* **MATERIAL PROVIDED**
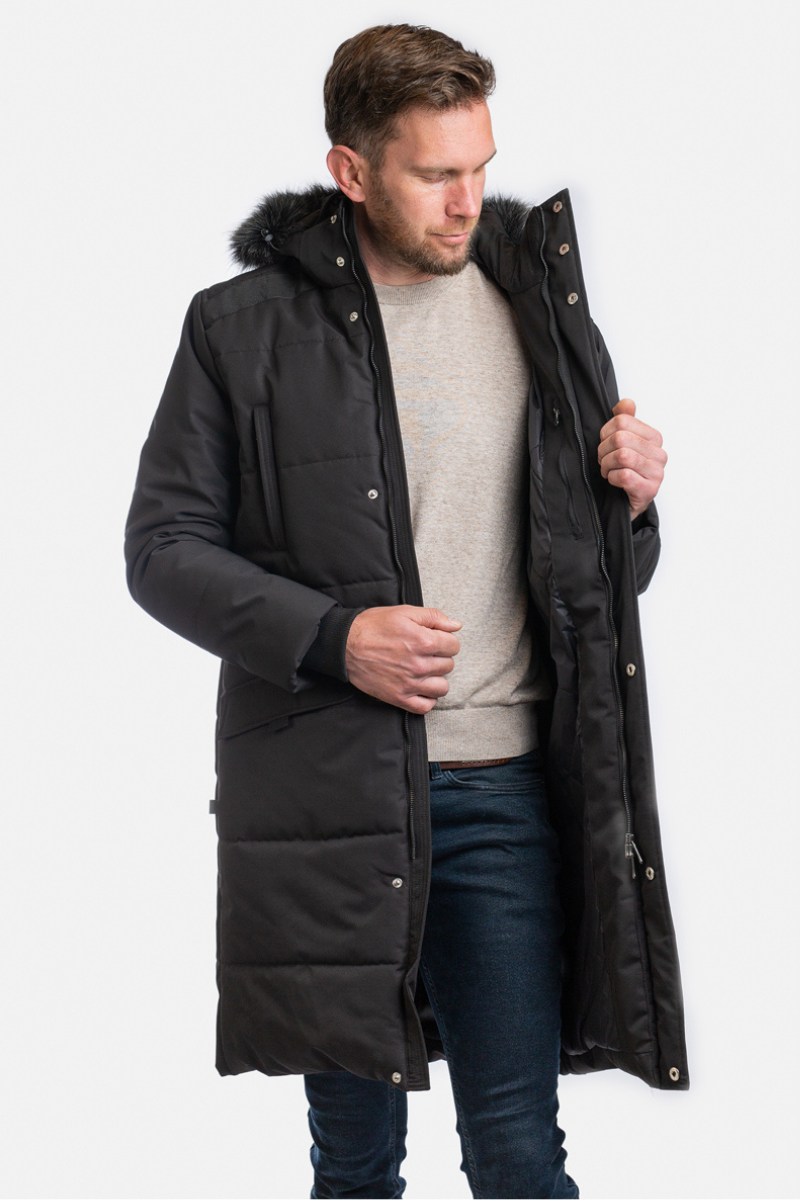 Vyriška vandeniui ir vėjui atspari žieminė striukė su 200 g izoliacija. Ši parka sujungia šilumą, funkcionalumą ir modernų dizainą. Krūtinės kišenės užsegamos užtrauktukais, o priekyje yra kišenės su magnetiniais užtrauktukais. Kapišonas su nuimamu dirbtinio kailio apdaru suteikia universalumo ir lengvos priežiūros. Audinyje taip pat yra šviesą atspindinčių detalių, kad būtų geriau matomas tamsoje.
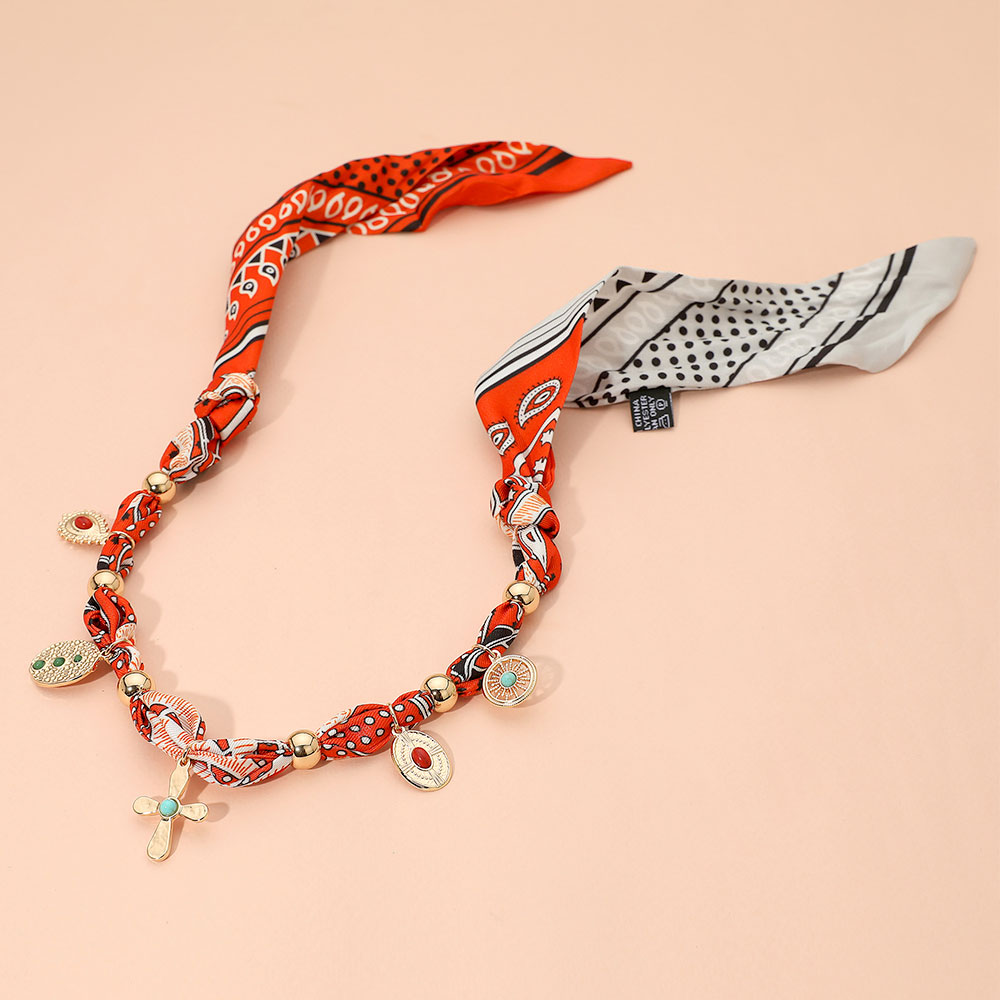 Stone Accent Boho Charm Station Fabric Scarf Adjustable Necklace
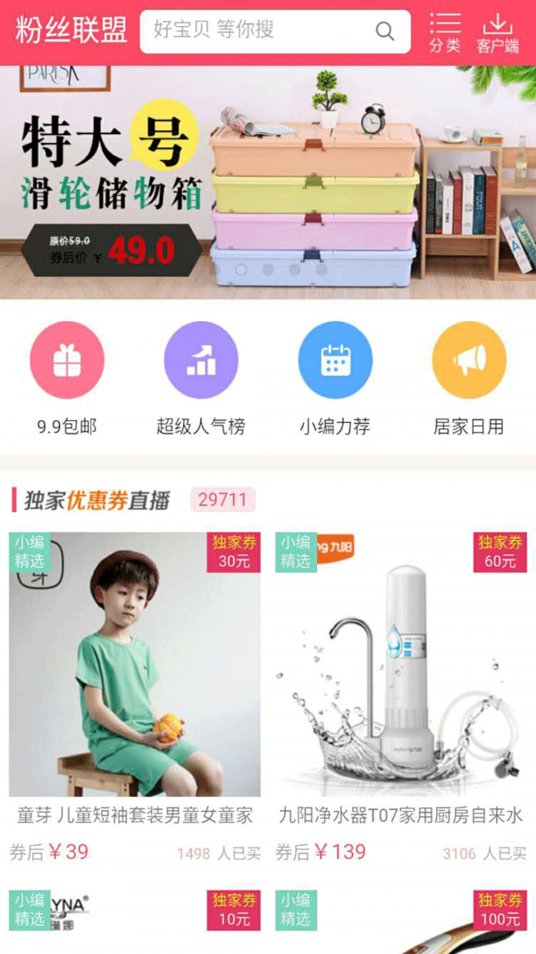 3、不间断更新淘宝内部机密优惠券,所有成交均由淘宝或天猫完成,折扣力度非常大,任性领券,再去购物! 以专业买手的推荐模式,每日挑选海量超值商家内部优惠信息给用户,低价抢购。
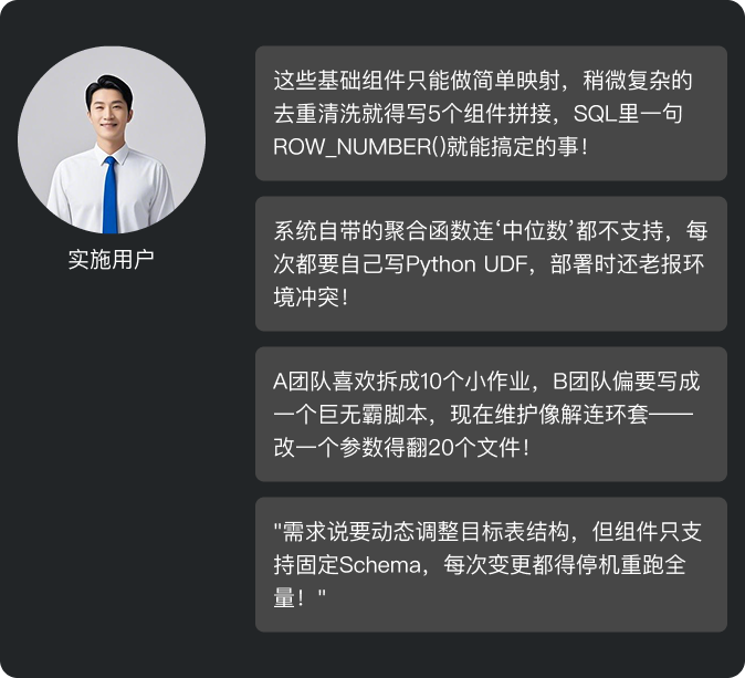 需求上线后,用户反馈备注功能实用,但组件数量仍然较多。查看用户的 ETL 文件后,我发现部分组件需要更灵活的功能。建议用户拆分数据集成文件,以便于管理、维护,并减轻系统负担。
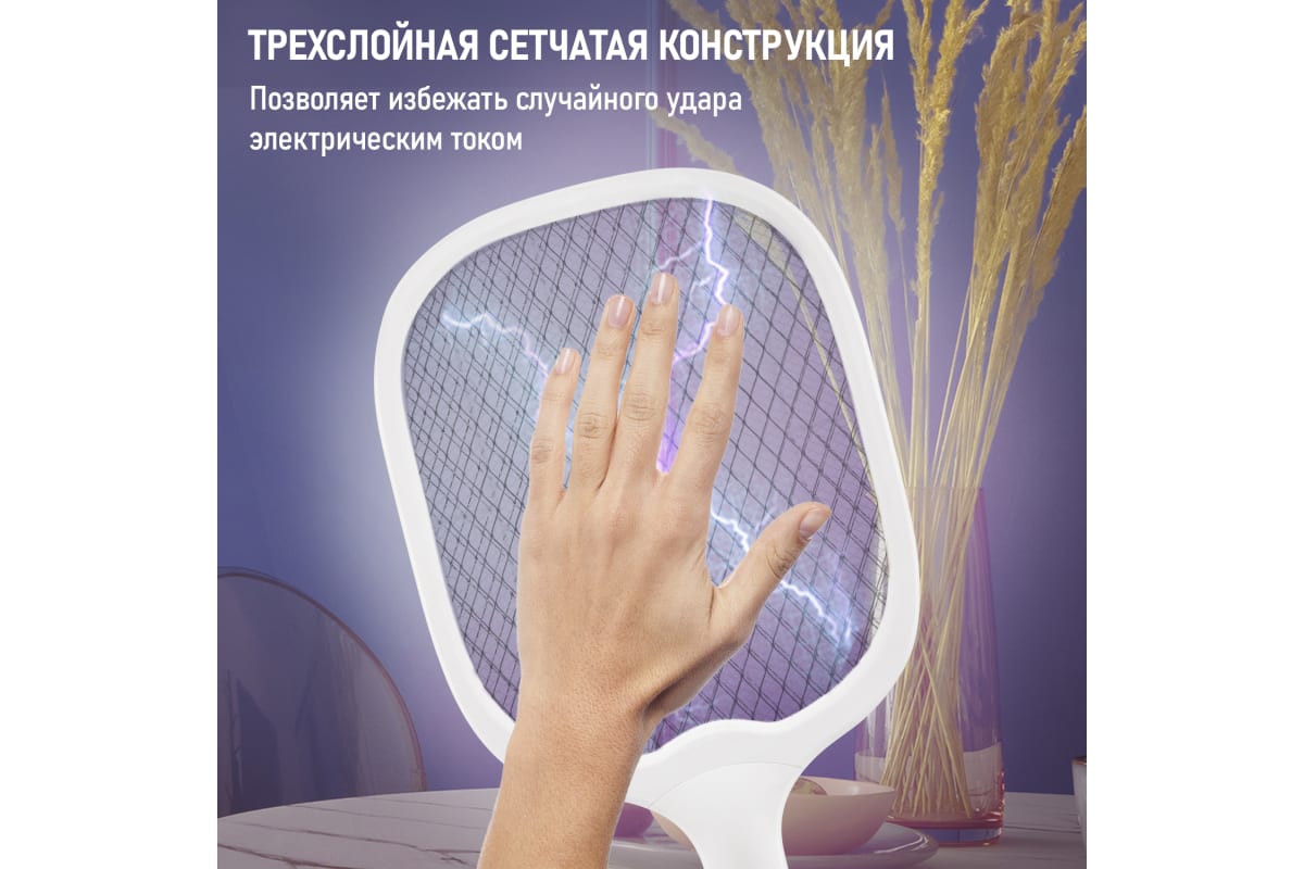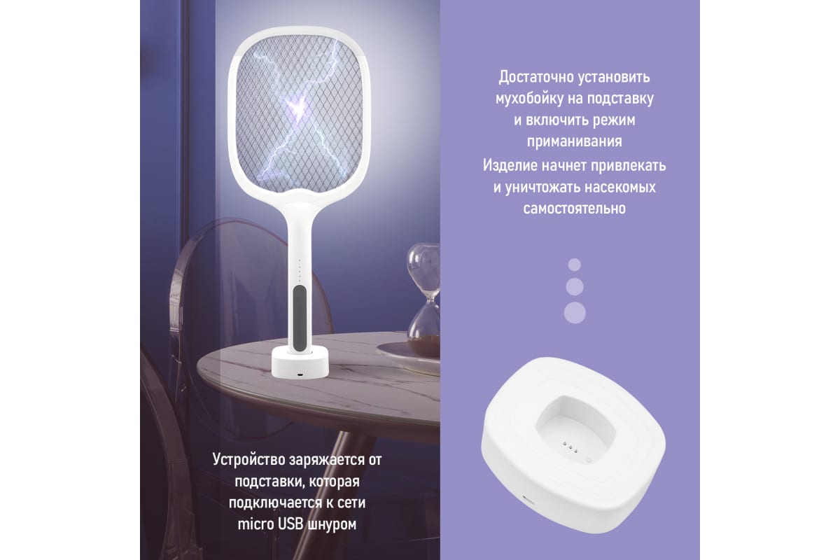 Просто установите данную мухобойку в подставку, входящую в состав комплекта, выберите режим приманивания – и устройство автономно, без участия человека, начнет привлекать насекомых. При контакте с металлической сеткой насекомые получают смертельный разряд током.
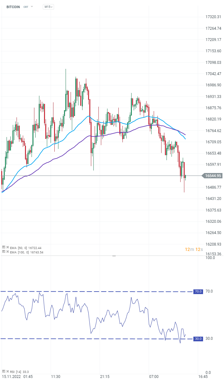 Po komunikacie z giełdy Genesis Bitcoin odnotował niewielkie straty. Źródło: xStation 5
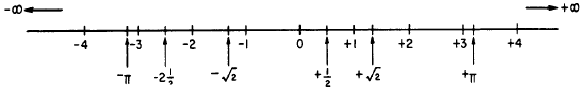 Figure 15-1. -The real number system. IMAGINARY NUMBERS The number line pictured in figure 15-1 represents all positive and negative numbers from plus infinity to minus infinity. However, there is a type of number which does not fit into the picture. Such a number occurs when we try to solve the following equation:
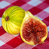 Smaller, bushy tree; great for compact gardens or growing in large pots! Sweet, juicy fruits (similar to Black Mission).
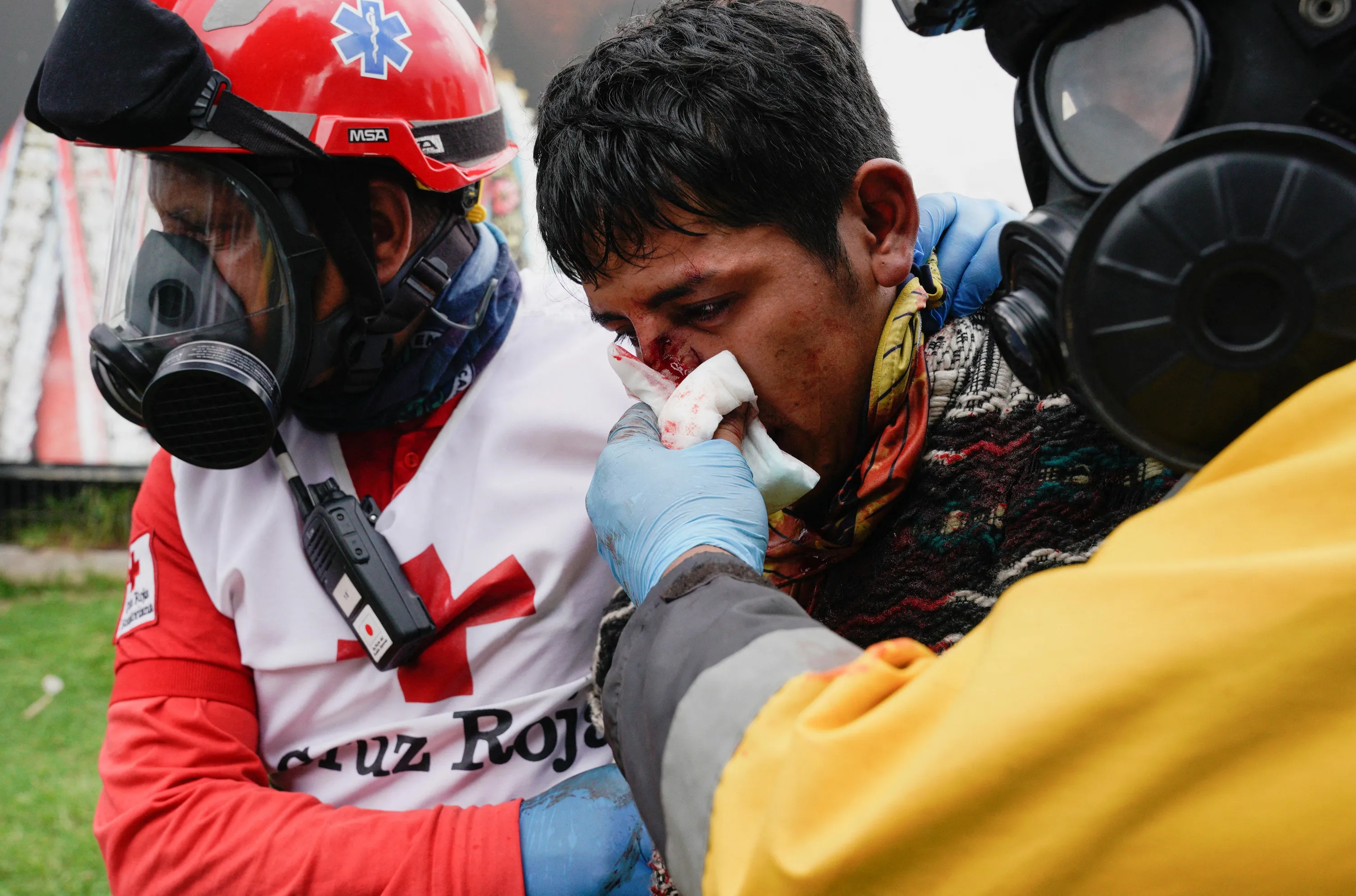 An injured demonstrator receives medical attention during an anti-government protest amid a stalemate between the government of President Guillermo Lasso and largely indigenous demonstrators who demand an end to emergency measures, in Quito, Ecuador on June 23, 2022. (Photo by Santiago Arcos/Reuters)
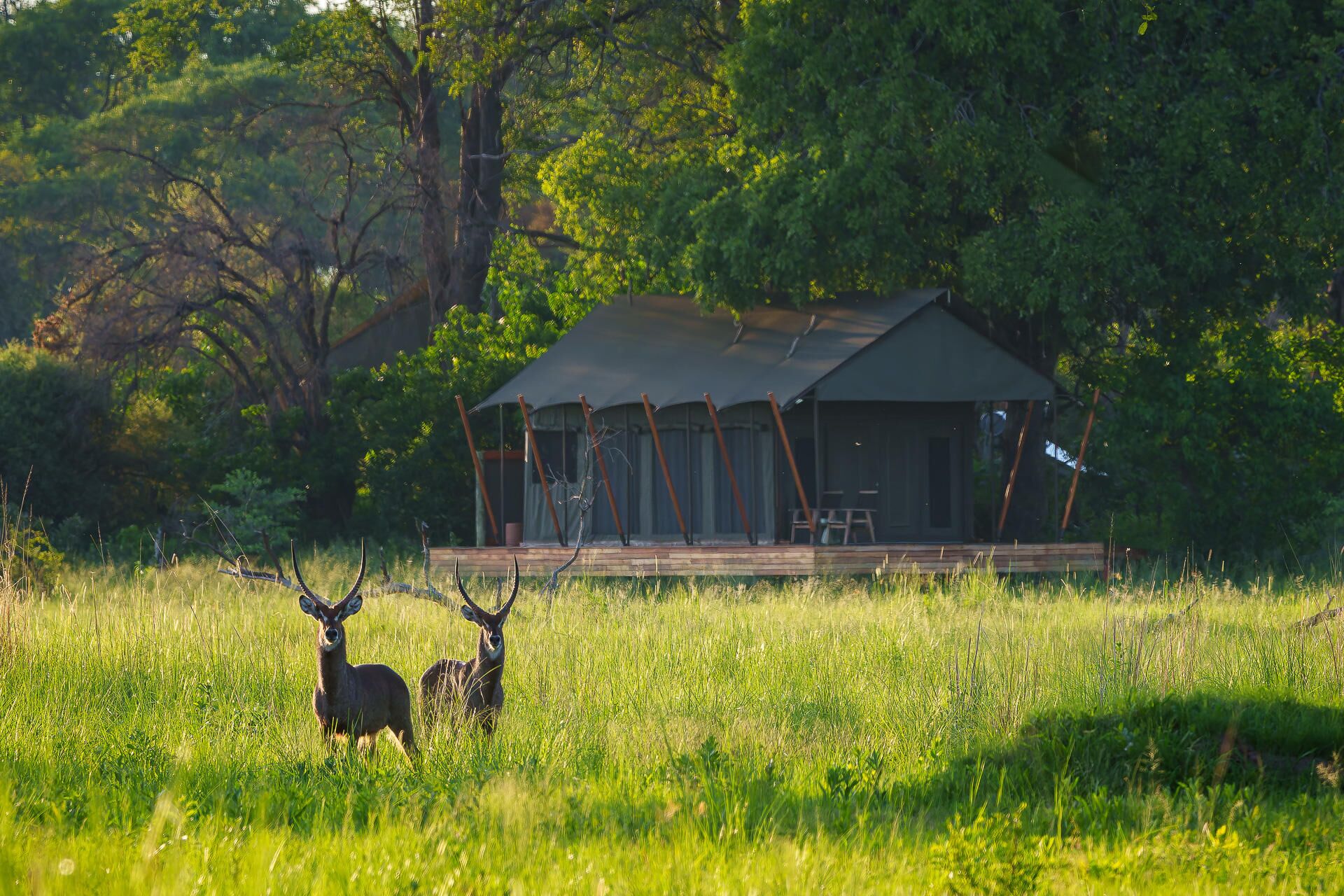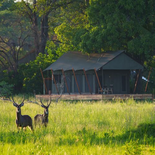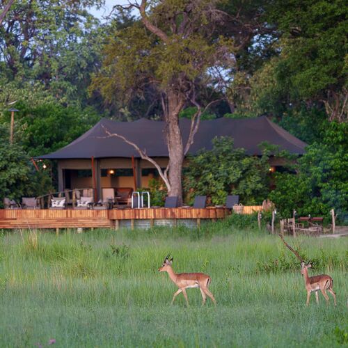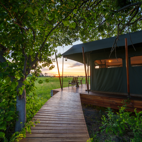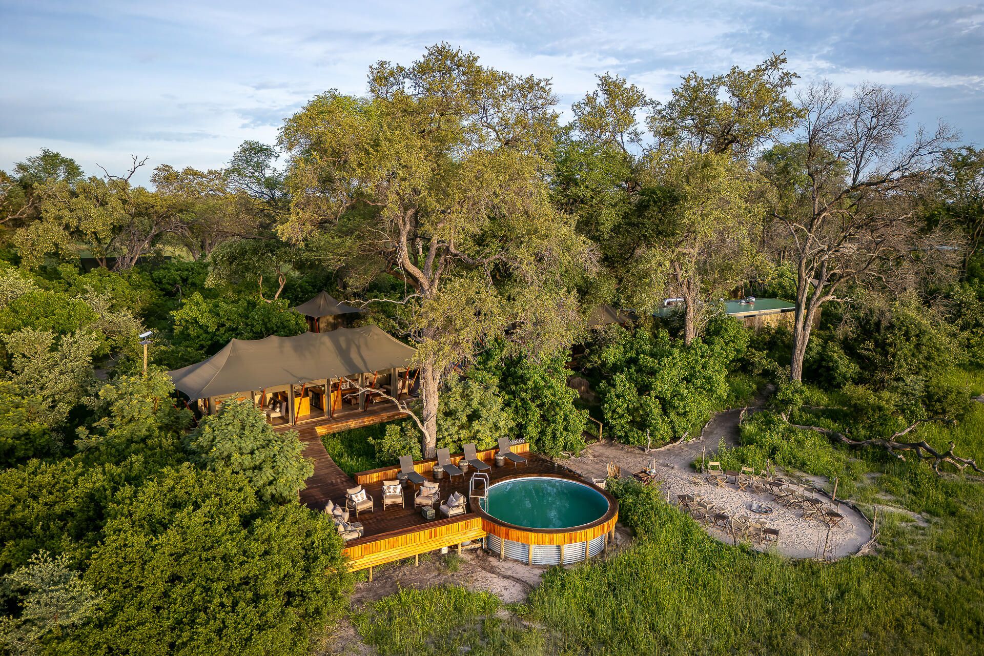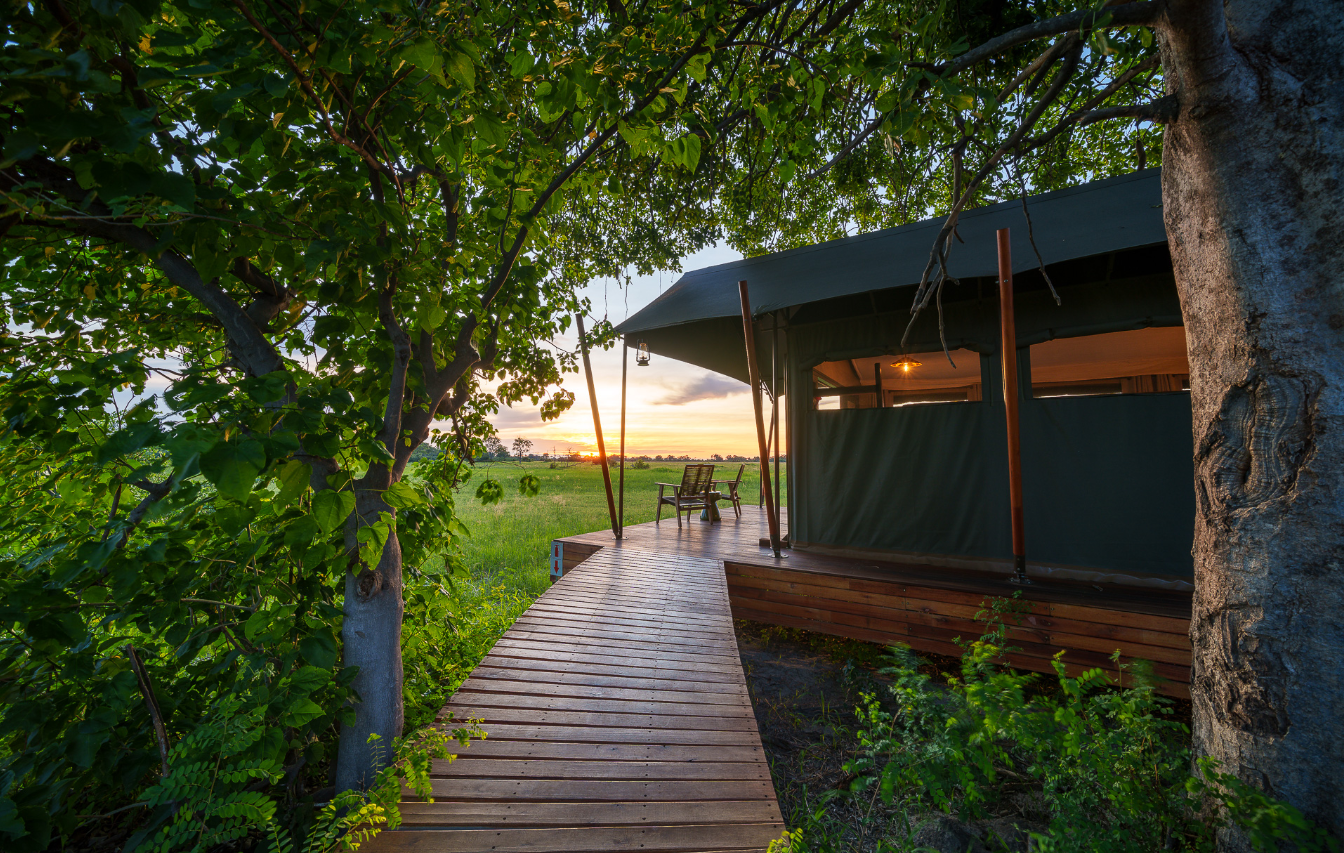 Mens teltene er placeret på lave trædæk (til de år med høj vandstand), er de sammenkoblede stier gennem campen alle på jorden og snor sig gennem croton- og mopanetræer, hvilket sikrer, at vores gæster føler sig forbundet med landskabet.

* **TO DO**
Reproduce only the lines from the line with "Просто установите данную" to the end of the entries. Keep both ends, copy them exactly, and omit every picture.

* **FINISHED EXERCISE**
 Просто установите данную мухобойку в подставку, входящую в состав комплекта, выберите режим приманивания – и устройство автономно, без участия человека, начнет привлекать насекомых. При контакте с металлической сеткой насекомые получают смертельный разряд током.
 Po komunikacie z giełdy Genesis Bitcoin odnotował niewielkie straty. Źródło: xStation 5
 Figure 15-1. -The real number system. IMAGINARY NUMBERS The number line pictured in figure 15-1 represents all positive and negative numbers from plus infinity to minus infinity. However, there is a type of number which does not fit into the picture. Such a number occurs when we try to solve the following equation:
 Smaller, bushy tree; great for compact gardens or growing in large pots! Sweet, juicy fruits (similar to Black Mission).
 An injured demonstrator receives medical attention during an anti-government protest amid a stalemate between the government of President Guillermo Lasso and largely indigenous demonstrators who demand an end to emergency measures, in Quito, Ecuador on June 23, 2022. (Photo by Santiago Arcos/Reuters)
 Mens teltene er placeret på lave trædæk (til de år med høj vandstand), er de sammenkoblede stier gennem campen alle på jorden og snor sig gennem croton- og mopanetræer, hvilket sikrer, at vores gæster føler sig forbundet med landskabet.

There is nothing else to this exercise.